- **REQUIRED ACTION**:
Transcribe exactly, and without pictures, only the lines from the one bearing "или на такси)" through the final line of the data below.

- **Dataset excerpts**:
============================================================
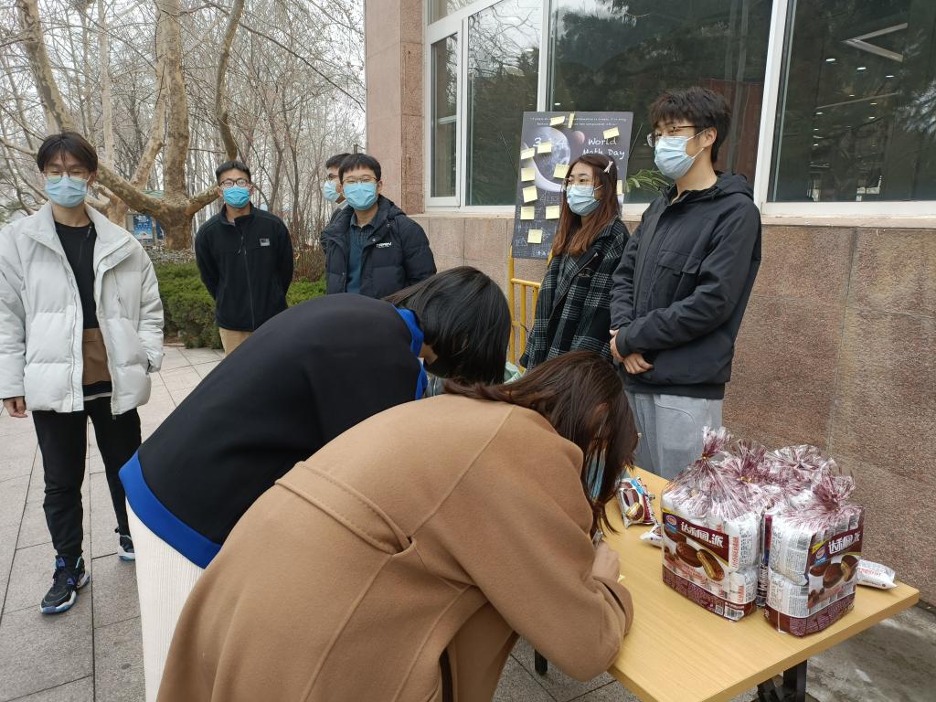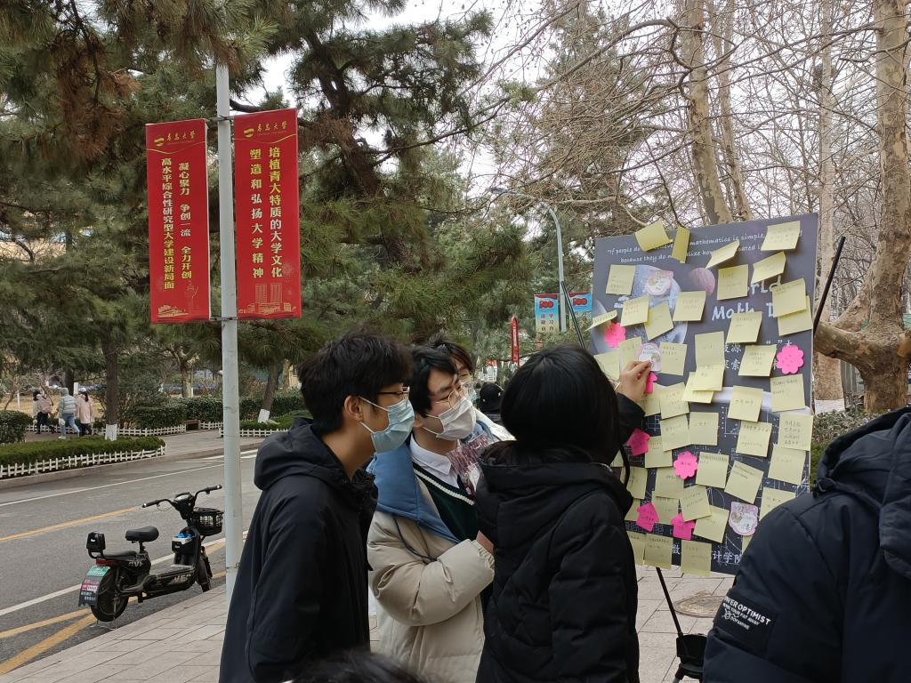 第二届数学文化节开幕,学院研究生会于浮山校区仁园餐厅门口举办3.14“π ”送活动。“3.14”是距离圆周率π最接近的数字,因此将每年3月14日定为国际数学日。本次活动旨在增强数学认同,宣传数学文化,传播数学之美。
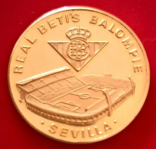 Medalla conmemorativa del Real Betis Balompié, campeón de la Copa del Rey en la temporada 1976-1977. 10 gramos de oro, pureza de 900. - Diseño de copa. - Inscripción CAMPEÓN DE ESPAÑA y 1ª COPA DE SU MAJESTAD EL REY. - Totalmente Nueva.
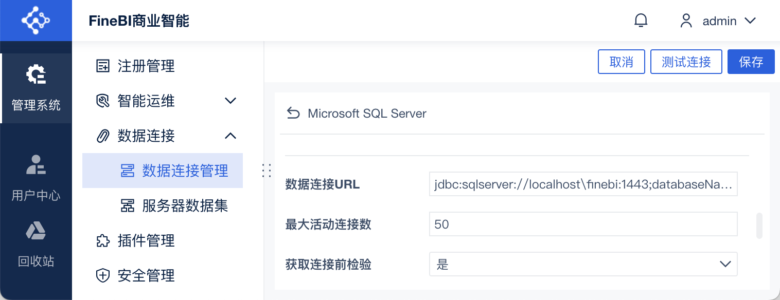 4)修改数据连接的信息。数据连接的「数据连接URL」后加上ssl参数。
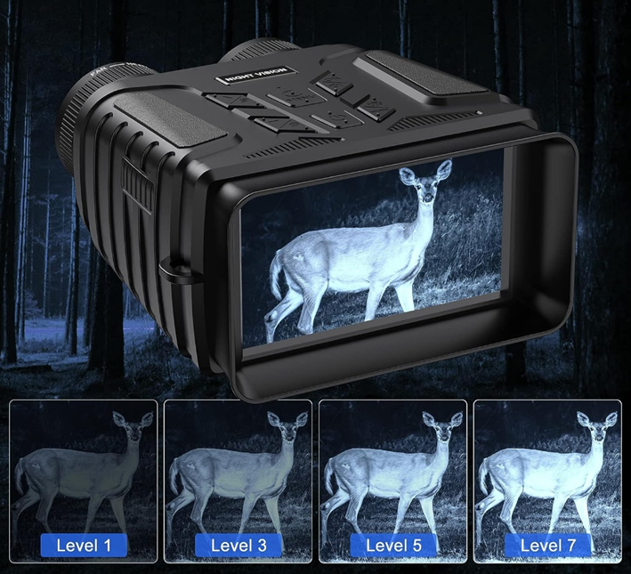 Night vision is another additional feature that will be of great help if you need to use binoculars in low-light conditions. You can choose between 7 night vision modes, so depending on how dark it is you can choose the lowest or highest level. Bozily binoculars allow you to take 4K videos and photos at 40MP (a 32GB SD card is included). The battery life is also incredible, these binoculars are equipped with a 4000mAh rechargeable battery, which means you can use them for up to 12 hours on a single charge (a USB-C charging cable is included). Videos and photos can be easily transferred via Wi-Fi connection.
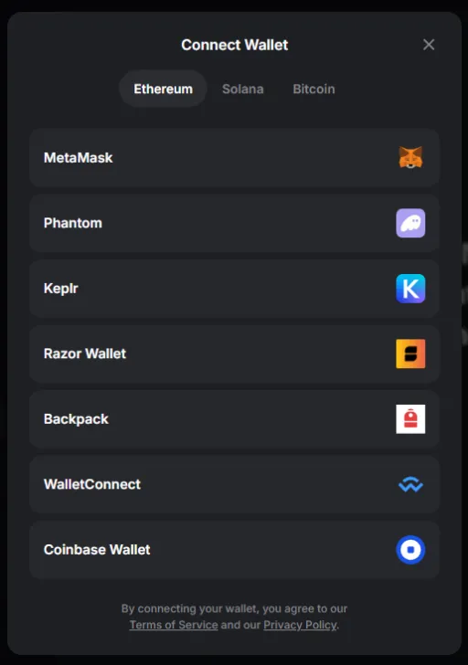 (2) Log in through wallet connection
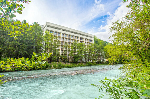+ местоположение отеля: есть куда сходит кроме отеля (Тисо-самшитовая роща в шаговой доступности и дача Сталина - можно на автобусе или на такси)
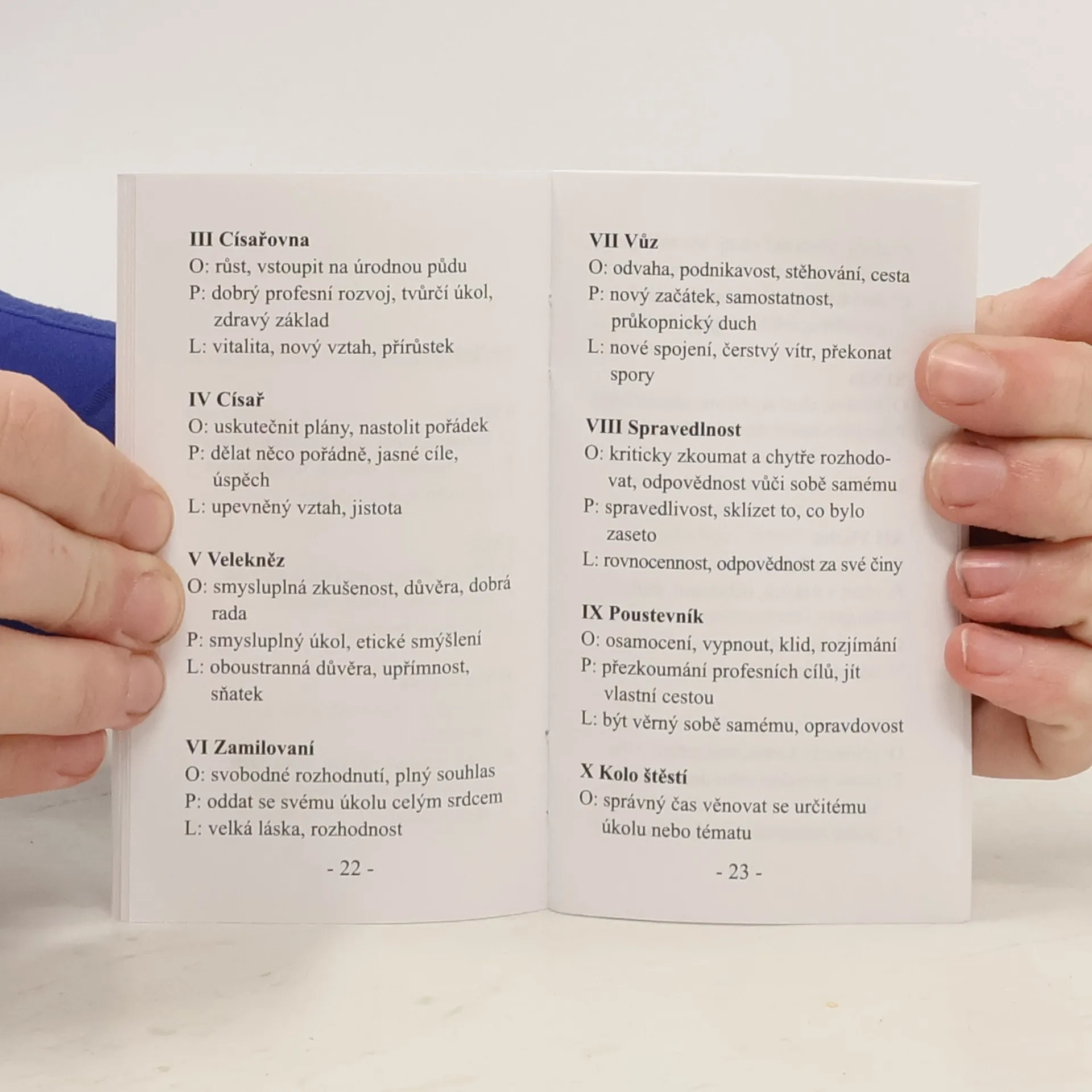 Univerzální symboly a archetypy osloví svou jednoduchou řečí opravdu každého. Nabízejí zdroj inspirace a odvahy k překonání překážek a životních problémů. Vyznačuje se několika zvláštnostmi. Nejenže autor zaměnil čísla některých karet Velkých arkán, ale zároveň umístil Blázna s číslem 0 před Mága namísto obvyklé pozice mezi číslem 20 a 21. Navíc čísla 1–10 jsou u každé barvy rovněž opatřeny obrazovou symbolikou, která činí výklad pestřejším.
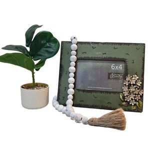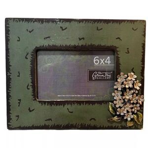 This beautiful photo frame from Green Tree Gallery is the perfect addition to any home decor. Its floral pattern and distressed style give it a rustic, country feel that is suitable for all occasions. The frame is made of metal and wood, and can hold one photo with a size of 4 x 6 inches.
============================================================
- **REPLY**:
+ местоположение отеля: есть куда сходит кроме отеля (Тисо-самшитовая роща в шаговой доступности и дача Сталина - можно на автобусе или на такси)
 Univerzální symboly a archetypy osloví svou jednoduchou řečí opravdu každého. Nabízejí zdroj inspirace a odvahy k překonání překážek a životních problémů. Vyznačuje se několika zvláštnostmi. Nejenže autor zaměnil čísla některých karet Velkých arkán, ale zároveň umístil Blázna s číslem 0 před Mága namísto obvyklé pozice mezi číslem 20 a 21. Navíc čísla 1–10 jsou u každé barvy rovněž opatřeny obrazovou symbolikou, která činí výklad pestřejším.
 This beautiful photo frame from Green Tree Gallery is the perfect addition to any home decor. Its floral pattern and distressed style give it a rustic, country feel that is suitable for all occasions. The frame is made of metal and wood, and can hold one photo with a size of 4 x 6 inches.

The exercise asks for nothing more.